Tennessee William’s later life often proved mysterious to his colleagues and critics; he was infamous for being erratic, and was lambasted by critics who longed for his earlier days. His Notebooks, recently published for the first time in an annotated edition by the Yale University Press, offer insight into the playwright’s tormented inner thoughts. Simon Callow writes in The Guardian, “It was a terrible spectacle. How had the writer out of whom had poured The Glass Menagerie, A Streetcar Named Desire, Cat On a Hot Tin Roof, come to this? The revelation of Margaret Bradham Thornton's stupendous, superbly annotated edition of Williams's Notebooks is that nothing ever poured out of him. Everything, from the beginning, was squeezed out with agonizing difficulty, surrounded by intense self-doubt and constant premonitions of physical and emotional collapse.”

Yale Drama Series

Yale University Press and Yale Repertory Theatre are joining forces in a new venture to support emerging playwrights. They will jointly sponsor a major new playwriting competition, The Yale Drama Series. The winner of the annual competition will be awarded the David C. Horn Prize of $10,000, publication of his/her manuscript by Yale University Press, and a staged reading at Yale Rep. In addition, Yale Rep may exercise its right to option the play for a professional production. The Yale Drama Series and David C. Horn Prize are funded by generous support from the David Charles Horn Foundation.

Pulitzer Prize-winning playwright Edward Albee serves as first judge of The Yale Drama Series. His appointment extends two years; he will select winners for the 2006 and 2007 competitions. Future judges of the series will include both distinguished playwrights and directors.

Submissions for the 2007 Competition must be postmarked no earlier than July 15, 2006 and no later than August 15, 2006. See the Guidelines for Submission for precise information regarding your entry.

A Touch of the Poet

0300100795 "This distinguished production builds into a commandingly theatrical experience," says David Rooney in his review of the Broadway revival of Eugene O'Neill's A Touch of the Poet, now playing on Broadway for the first time in almost thirty years.

The cast is led by Gabriel Byrne, who gives a "haunting interpretation" of the brooding and melodramatic Cornelius "Con" Melody, the ex-army officer turned Irish immigrant clinging resolutely to the old world while forced to make his way in the new.

A Touch of the Poet is one of only two plays which survive from O'Neill's projected 11-play cycle, "A Tale of Possessors Self-Possessed," in which the playwright intended to trace the materialistic corruption masquerading as the American dream.

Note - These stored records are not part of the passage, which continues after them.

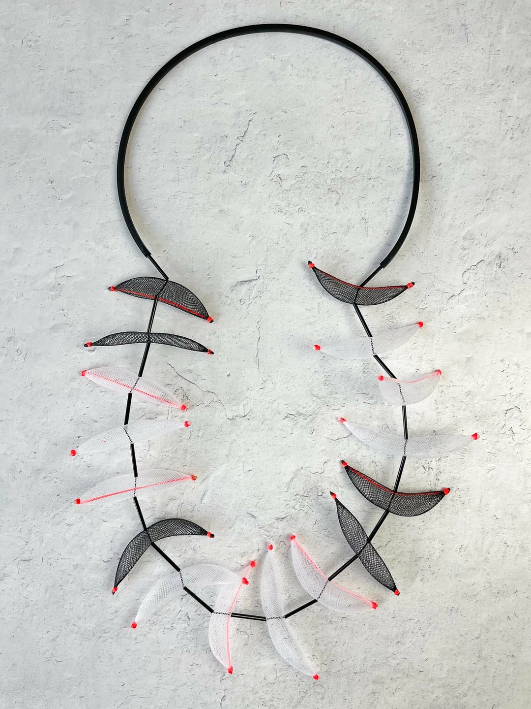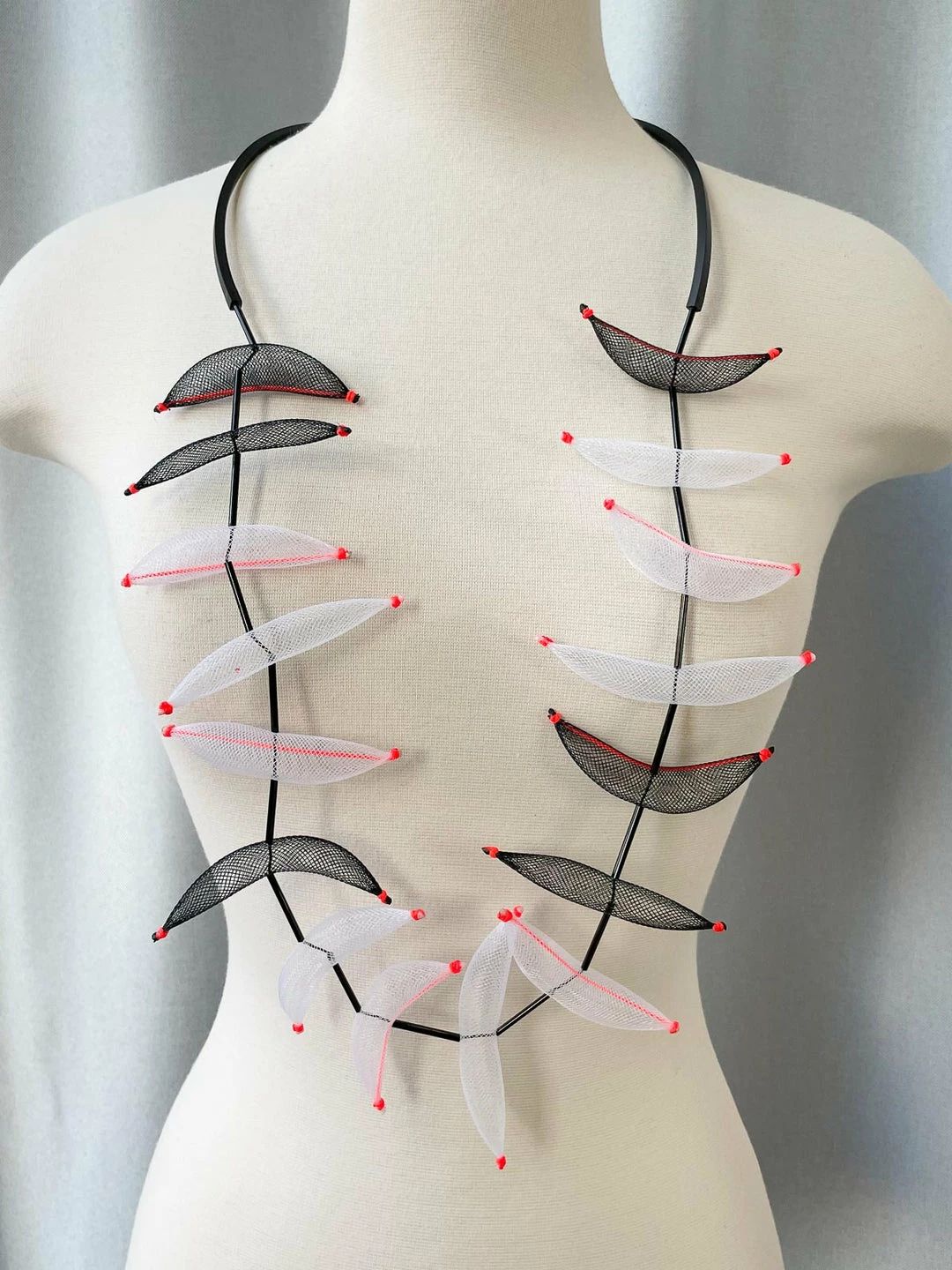 Christina Brampti Tulle Pod On Rubber Cord Necklace, Black/White/Orange
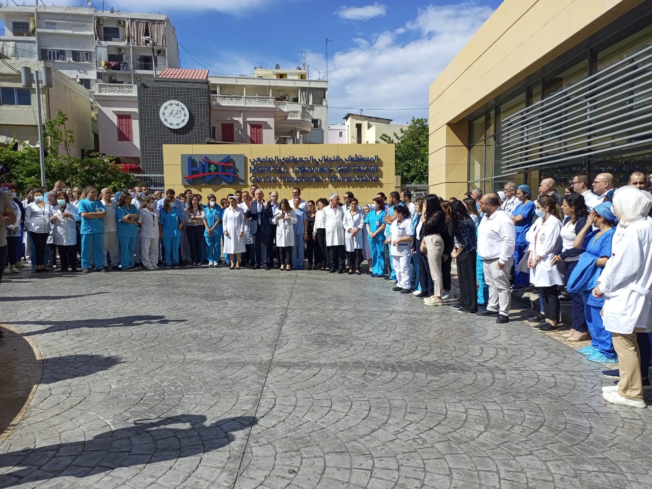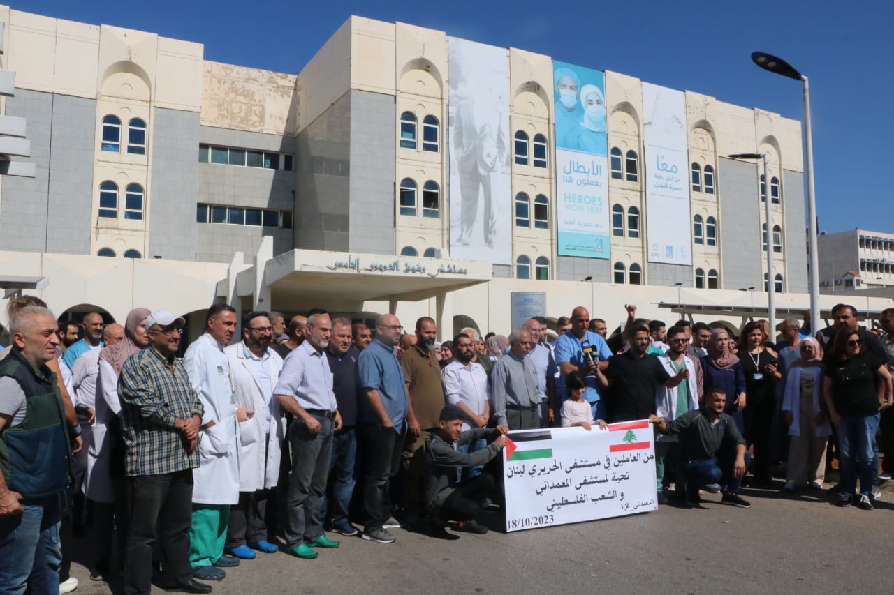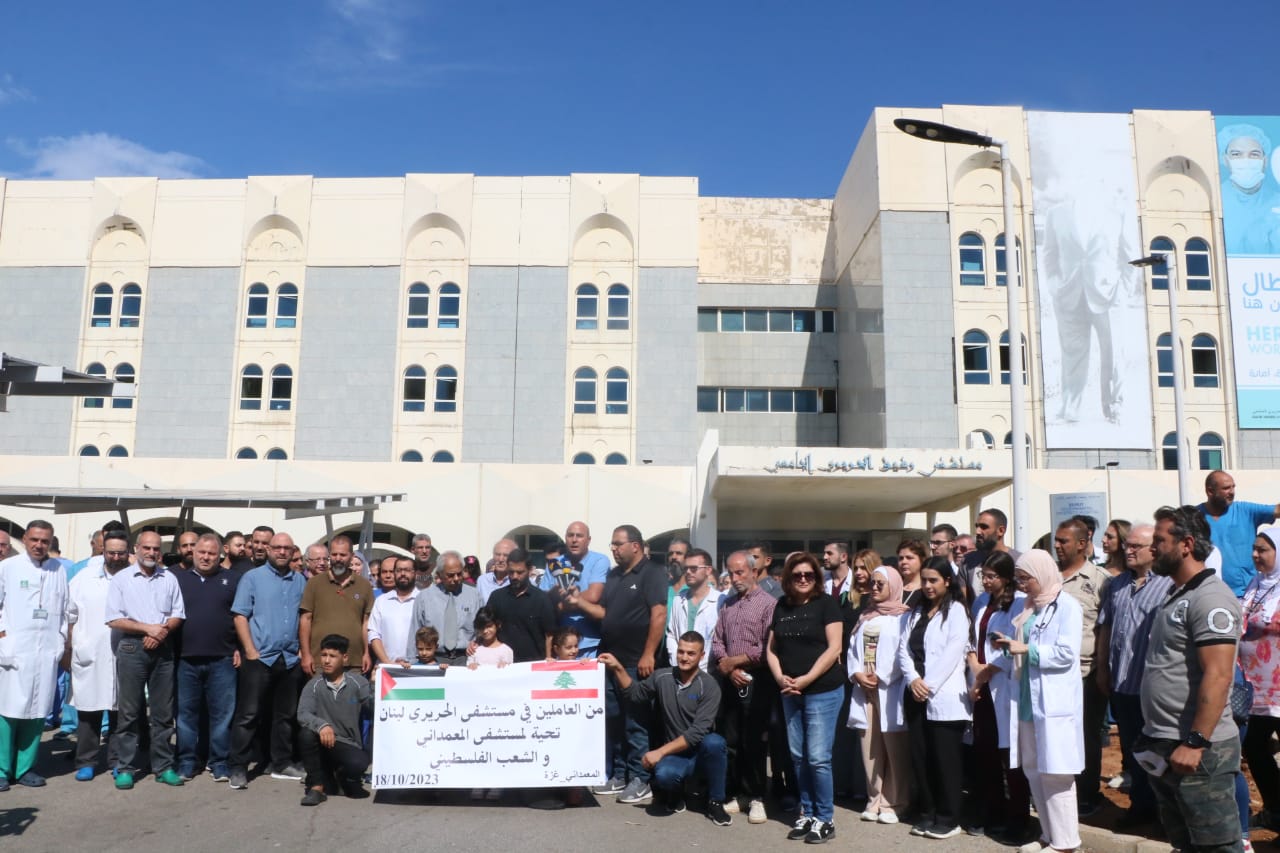 ونفّذ موظّفو مستشفى الحريري الحكومي وقفة تضامنية مع غزة، وتنديداً باستهداف المستشفى المعمداني.
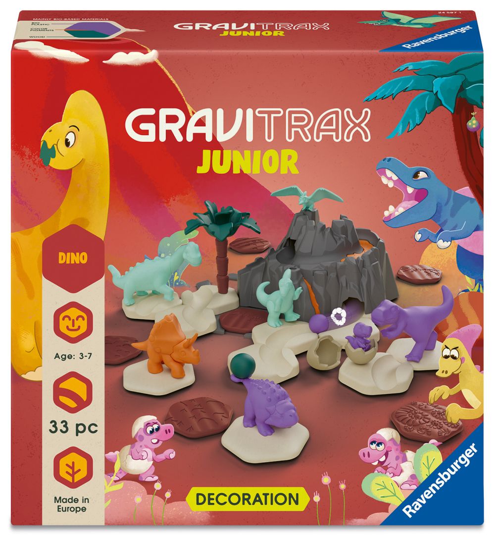 GraviTrax Junior je interaktivní systém kuličkové dráhy pro děti od 3 let. Ti nejmenší si staví své vlastní světy z kuličkových drah, které lze podle libosti zdobit a vytvářet tak jednotlivé tematické světy. Děti si tak při kreativním stavění užijí mnoho zábavy. Ve spojení se startovací sadou se děti od 3 let mohou okamžitě ponořit do světa dinosaurů. Různorodé dinosauří figurky, působivá sopka a další tematické prvky poskytují nekonečné možnosti stavění a hraní. Všechny součásti jsou vyrobeny z dřevěného bioplastu.
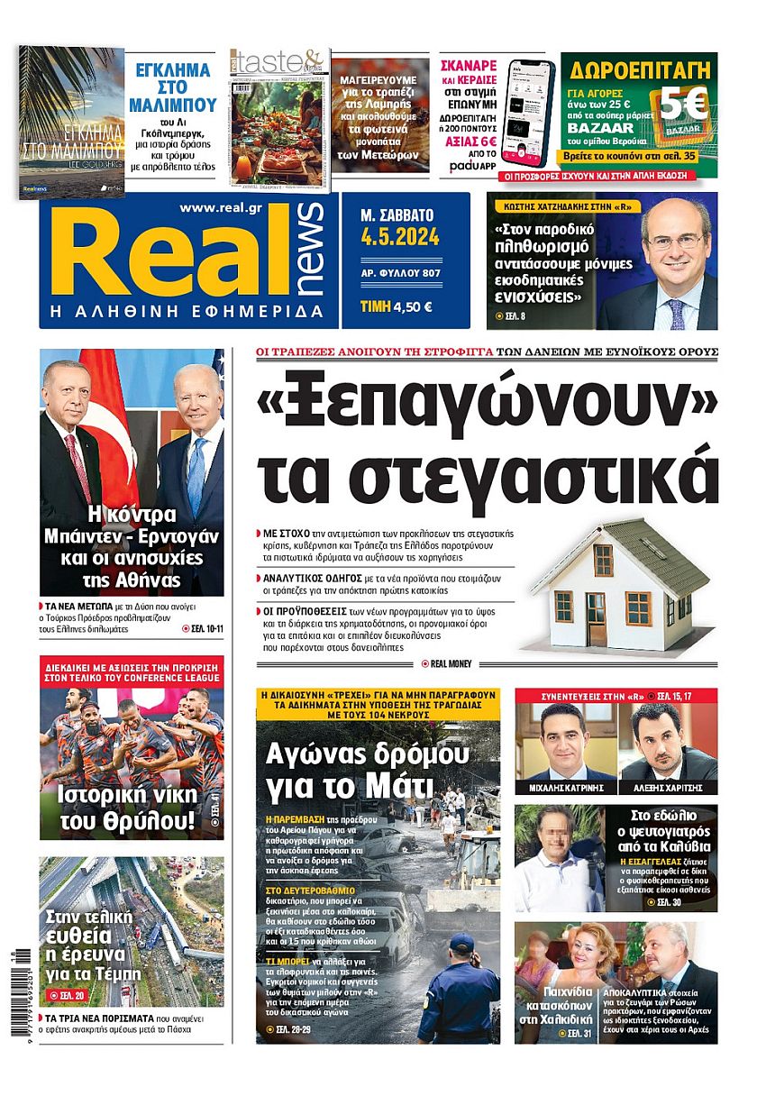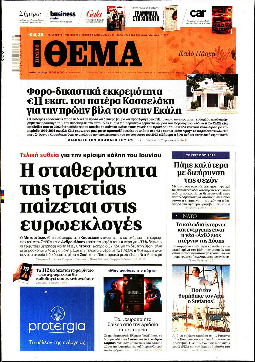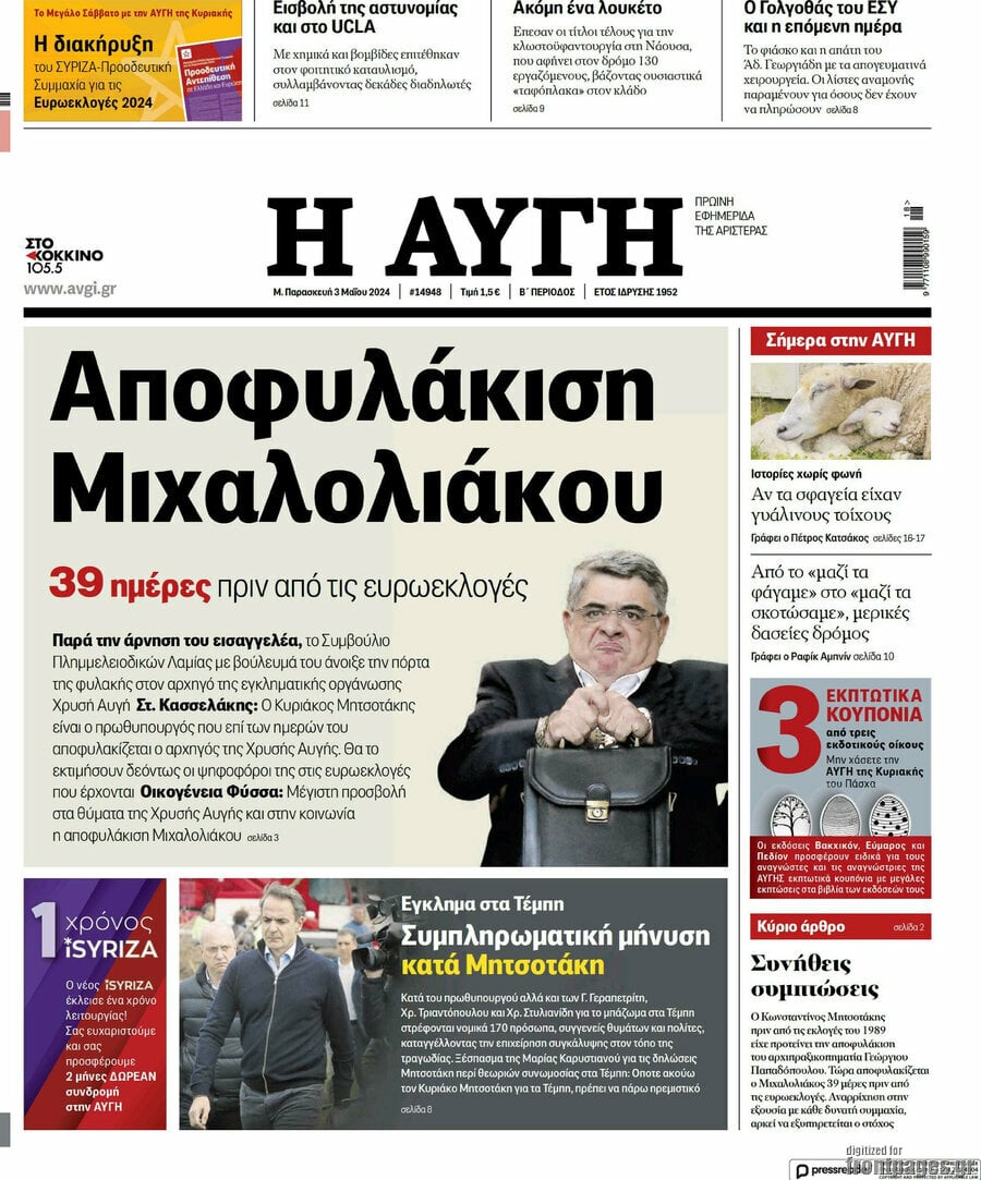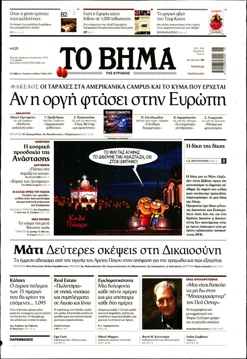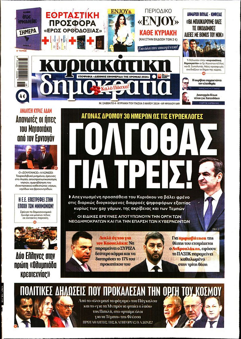 Ο ένας μήνας που έχει απομείνει μέχρι τις ευρωεκλογές, οι τιμές των ακινήτων σε όλη την Ελλάδα και οι ταραχές που έχουν ξεσπάσει στα αμερικανικά πανεπιστήμια εξαιτάς του πολέμου του Ισραήλ με τη Χαμάς ξεχωρίζουν μεταξύ άλλων στα πρωτοσέλιδα των κυριακάτικων εφημερίδων.
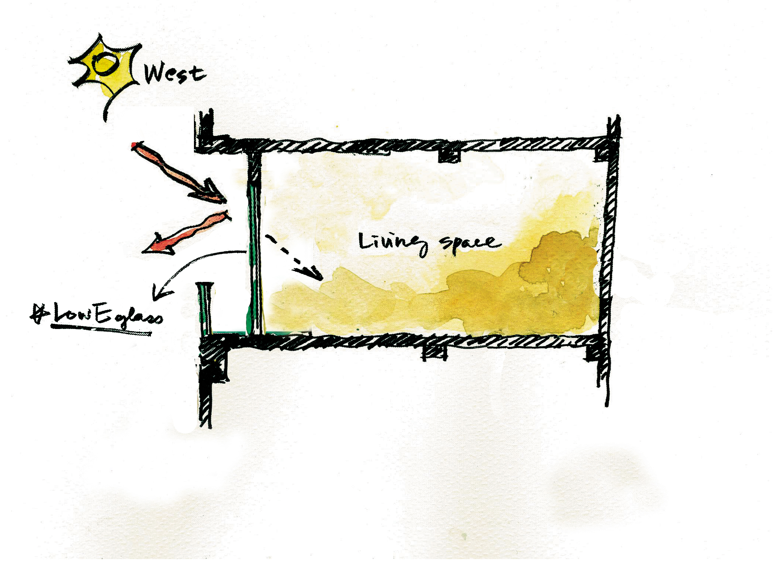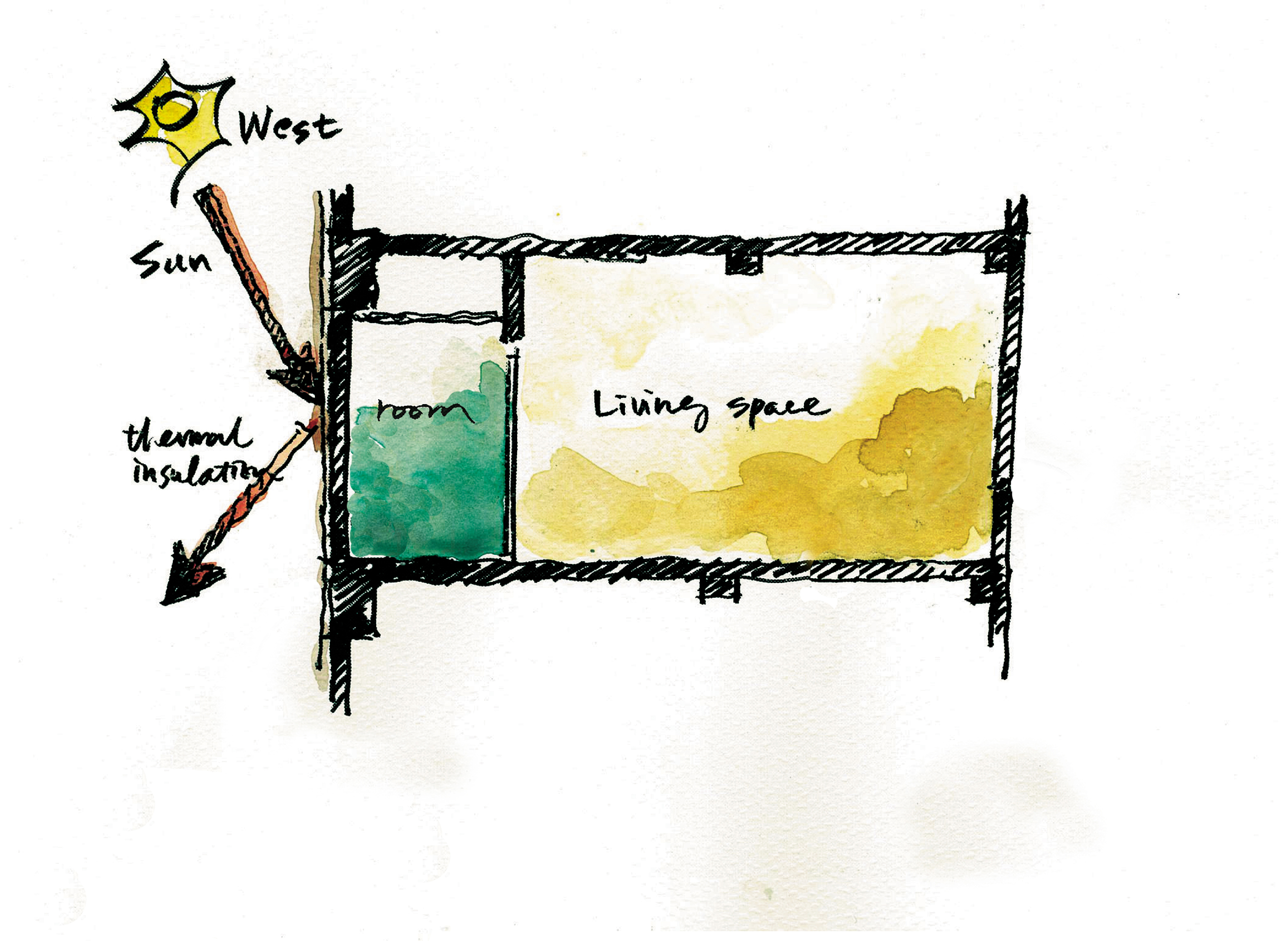 人的體溫大約維持在37℃左右,過冷與過熱都會造成身體不適,居住空間的溫度調節,不得不重視。 好宅要素 一 考量方位,減少太陽直射面積,設置遮陽。 綠適居手法 建築南向設計深陽台及水平雨遮,減少陽光直射;廁所則配置在西向及東向,容易保持乾燥不潮濕。 好宅要素 二 選用適當配備,降低室內輻射熱能流清新。 綠適居手法 西向牆使用雨遮及隔熱砂漿,並於開口窗戶搭配採用LOW-E玻璃,減少熱能傳遞至室內。
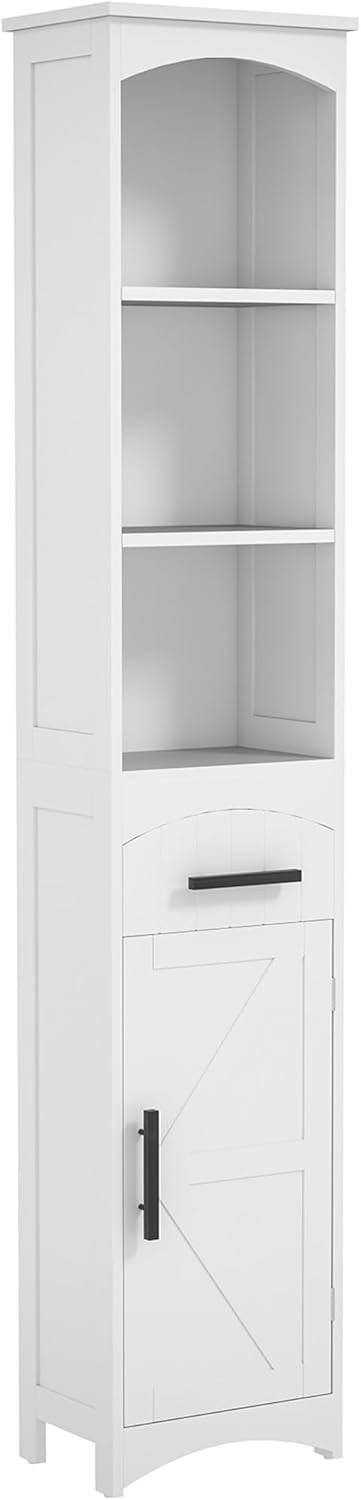 Homcom Tall Bathroom Storage Cabinet, Farmhouse Narrow Bathroom Storage Cabinet With Recessed Drawer And Barn Door, Linen

The other play, More Stately Mansions, left unfinished by O'Neill, forms a companion piece linked by characters and themes to A Touch of the Poet.

These two works, A Touch of the Poet and More Stately Mansions, are available together in a paperback volume from Yale University Press. The version of More Stately Mansions presented in the volume is O'Neill's unexpurgated text, scrupulously edited by Martha Gilman Bower, which restores the playwright's original opening scene, a crucial epilogue, and other material essential to understanding the play.

A Touch of the Poet, a Roundabout Theatre Company production, is playing at Studio 54. It will continue until January 29, 2006.